Abstract
We investigated the mechanism of imipenem resistance in Enterobacter aerogenes strain 810, a clinical isolate from the United States for which the imipenem MIC was 16 μg/ml and the meropenem MIC was 8 μg/ml. An imipenem-susceptible revertant, strain 810-REV, was obtained after multiple passages of the strain on nonselective media. For the revertant, the imipenem MIC was ≤1 μg/ml and the meropenem MIC was ≤0.25 μg/ml. Cefepime MICs also decreased from 8 to 1 μg/ml; however, the MICs of ceftazidime (≥128 μg/ml), cefoxitin (≥32 μg/ml), and cefotaxime (≥64 μg/ml) remained the same. The β-lactamase and porin profiles of the parent, the revertant, and carbapenem-susceptible type strain E. aerogenes ATCC 13048 were determined. Strains 810 and 810-REV each produced two β-lactamases with pIs of 8.2 and 5.4. The β-lactamase activities of the parent and revertant were similar, even after induction with subinhibitory concentrations of imipenem. While 810-REV produced two major outer membrane proteins of 42 and 39 kDa that corresponded to Escherichia coli porins OmpC and OmpF, respectively, the parent strain appeared to produce similar quantities of the 39-kDa protein (OmpF) but decreased amounts of the 42-kDa protein (OmpC).
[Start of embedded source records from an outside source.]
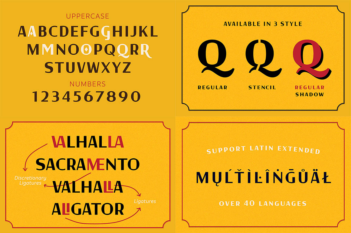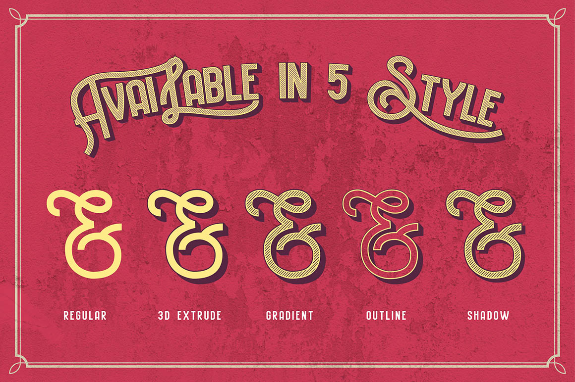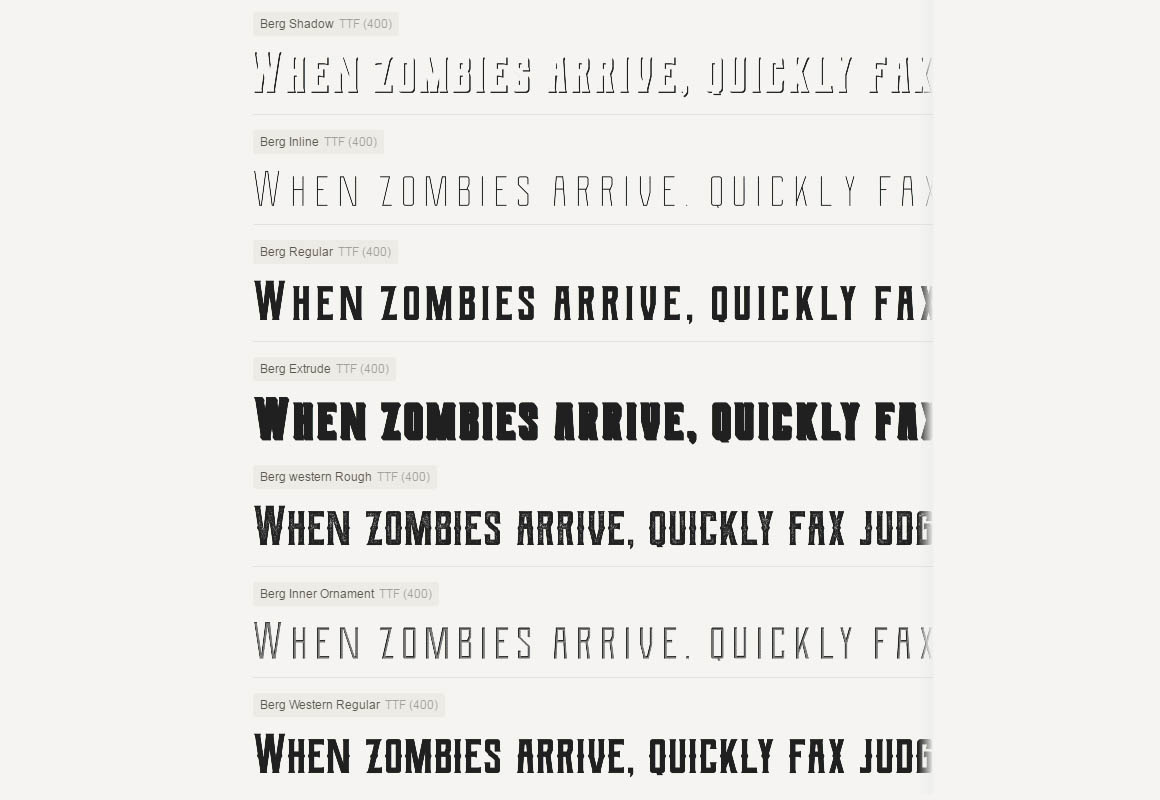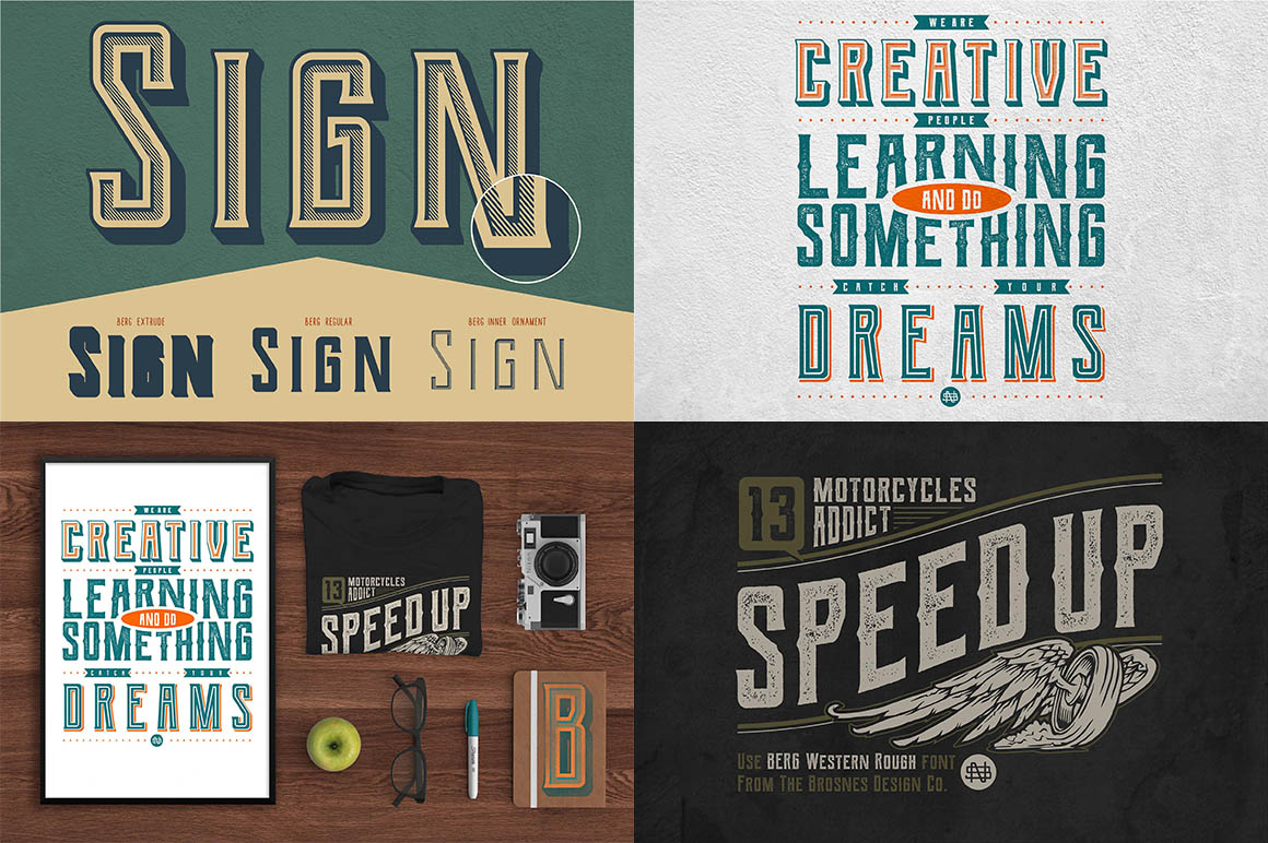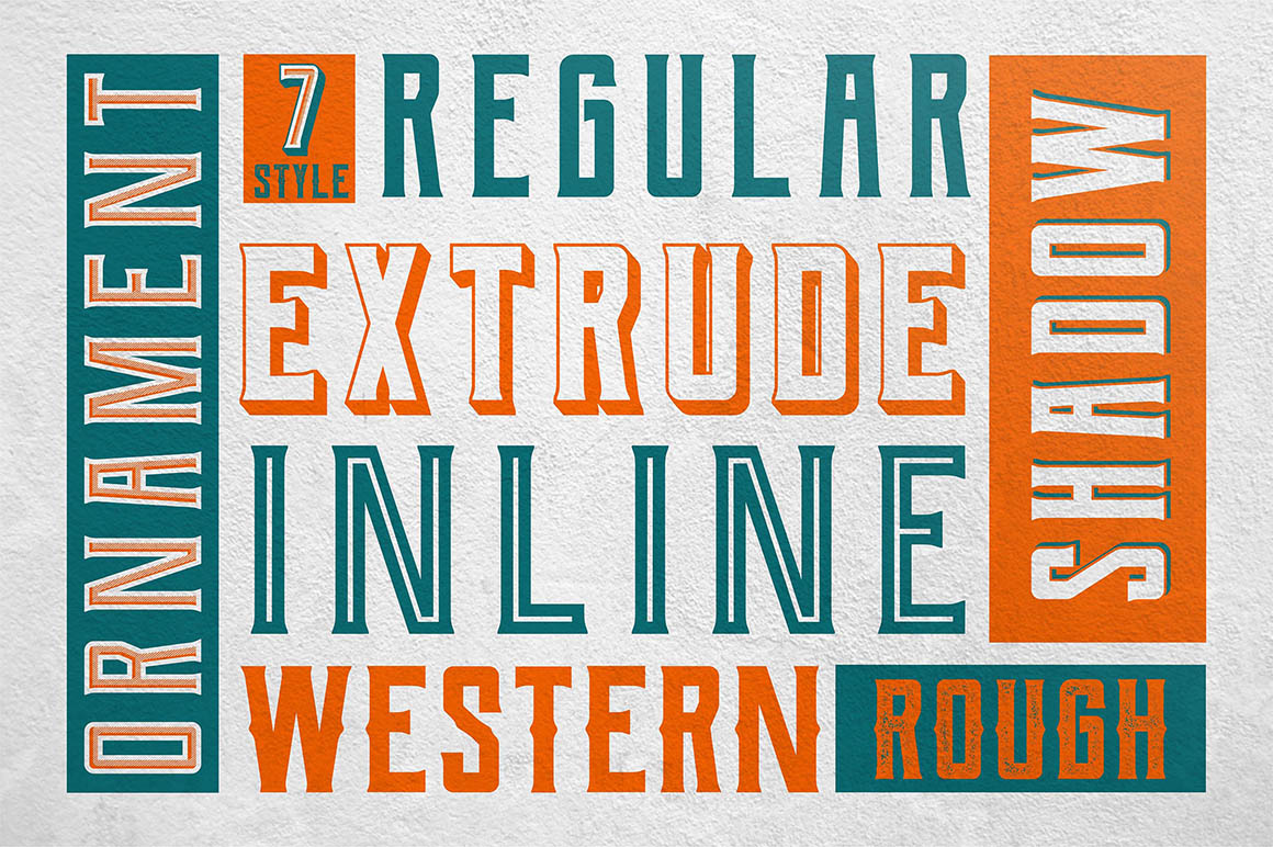 Berg is the layered font family. Inspired by vintage sign painting, poster and label that have a strong shapes so it will create more attention for people to look more closely. Berg comes with 7 font family (Regular, Extrude, Inline, Shadow, Ornament, Western & Rough) includes a full set of capital and lowercase letters, as well as multi-lingual support, currency figures, numerals, and punctuation.You can combine this berg family font to be many different style layered.
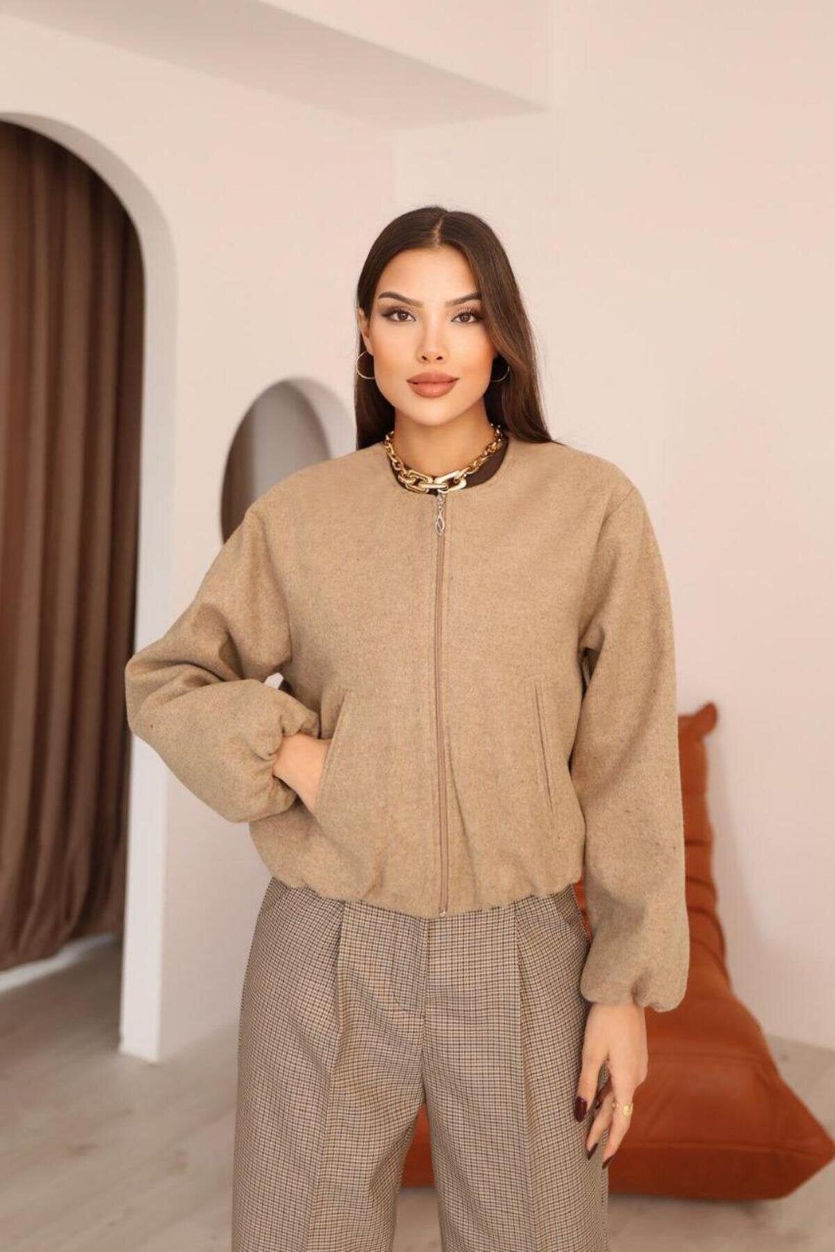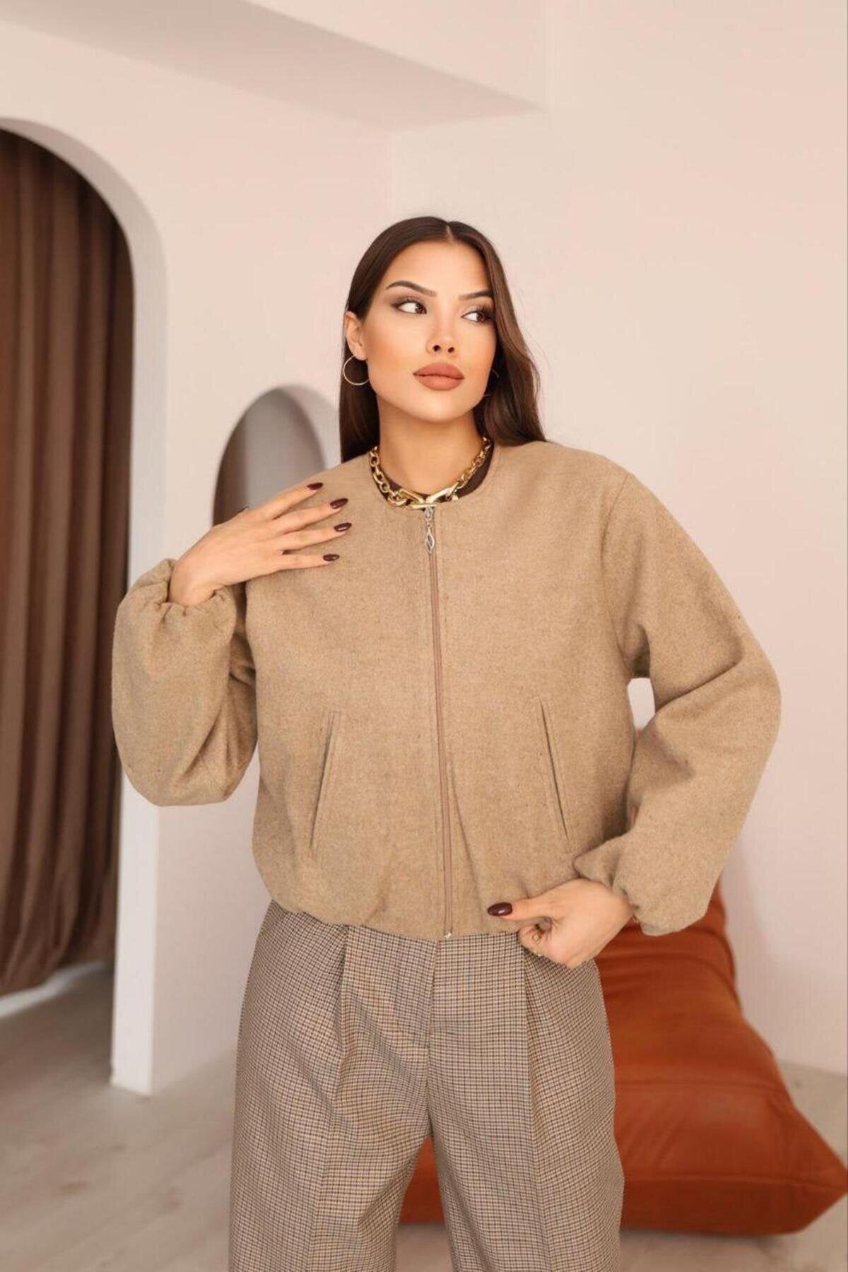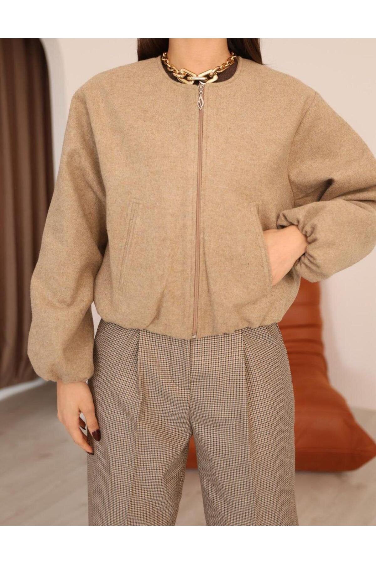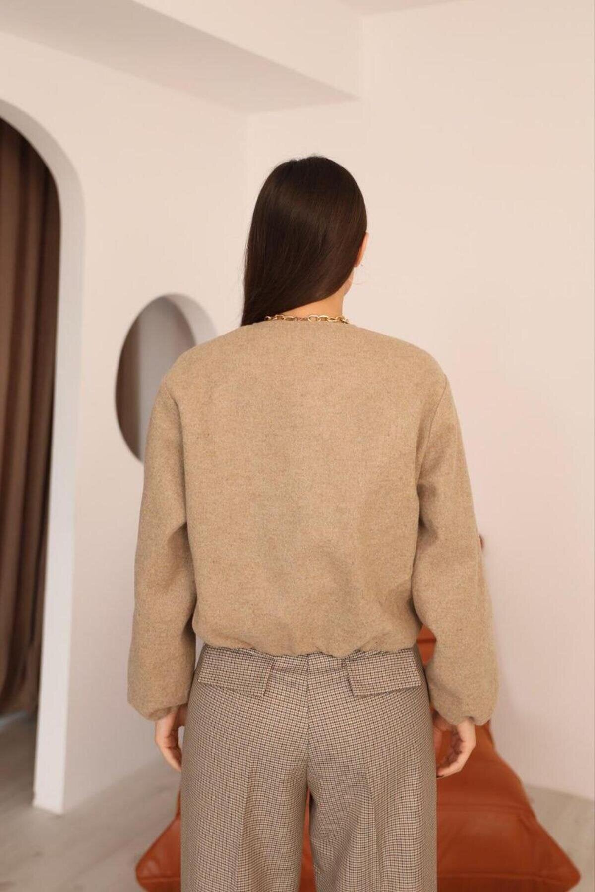 This felted wool bomber jacket, offering elegance and comfort with its beige color, is ideal for daily wear. While creating an eye-catching look with its multi-colored details, it establishes a cool and comfortable style. Thanks to its washing instructions that allow for easy care, it is suitable for long-term use. It offers practicality with its double-pocket design and provides sufficient space for your belongings. While its straight cut achieves a simple and timeless look, it appeals to the younger age group. As part of the Basic collection, it deserves to be a fundamental piece in every wardrobe. With its beltless design, it offers a modern and minimalist style. Its 100% cotton material composition provides a comfortable experience while allowing your skin to breathe. Its medium-weight fabric offers ideal protection during seasonal transitions while not causing sweating in extreme heat. Its oversized fit, while providing freedom of movement, offers a trendy
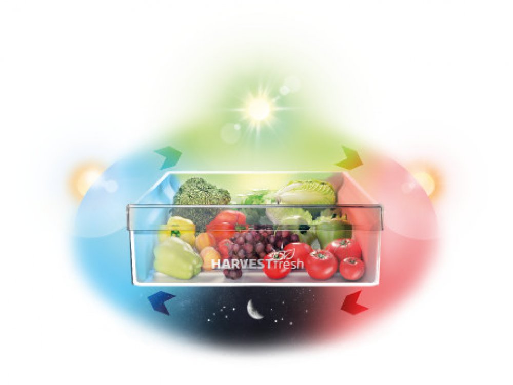 Svetelny rezim prihradky HarvestFresh™ kopiruje stridani slunecniho svetla a tmy behem celeho dne. To udrzi v chodu prirozene procesy v ovoci a zelenine, takze se uchova vice vitaminu i chuti, nezkdyby byly jen zavrene ve tme. Uskladnene ovoce a zelenina tak brzy nevadne, nezkazi se drive, nezse sni, a ulehci caste nakupovani.
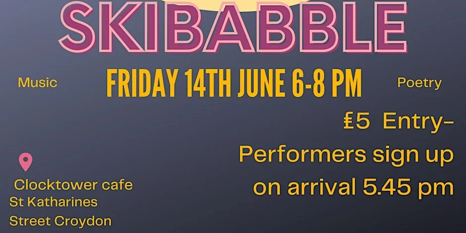 Bettina performs spoken word at SKIBABBLE at Clock Tower Cafe poetry and music night with open mic.
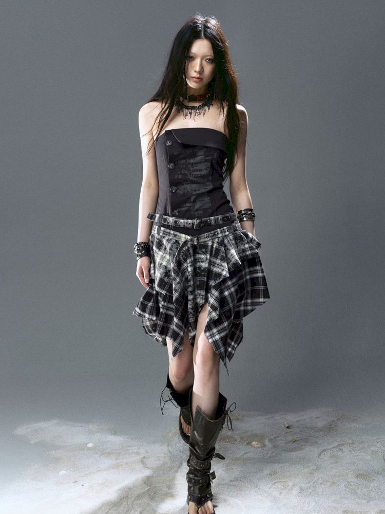 Asymmetrical patchwork plaid strapless dress【s0000012808】

When the parent strain was grown in the presence of imipenem, the 42-kDa protein was not detectable by gel electrophoresis. However, Western blot analysis of the outer membrane proteins of the parent and revertant with polyclonal antisera raised to the OmpC and OmpF analogs of Klebsiella pneumoniae (anti-OmpK36 and anti-OmpK35, respectively) showed that strain 810 expressed only the 42-kDa OmpC analog in the absence of imipenem (the 39-kDa protein was not recognized by the anti-OmpF antisera) and neither the OmpC nor the OmpF analog in the presence of imipenem. The OmpC analog is apparently down-regulated in the presence of imipenem; however, 810-REV expressed both OmpC and OmpF analogs. These data suggest that imipenem resistance in E. aerogenes 810 is primarily associated with the lack of expression of the analogs of the OmpC (42-kDa) and OmpF (39-kDa) outer membrane proteins, which also results in decreased susceptibility to meropenem and cefepime.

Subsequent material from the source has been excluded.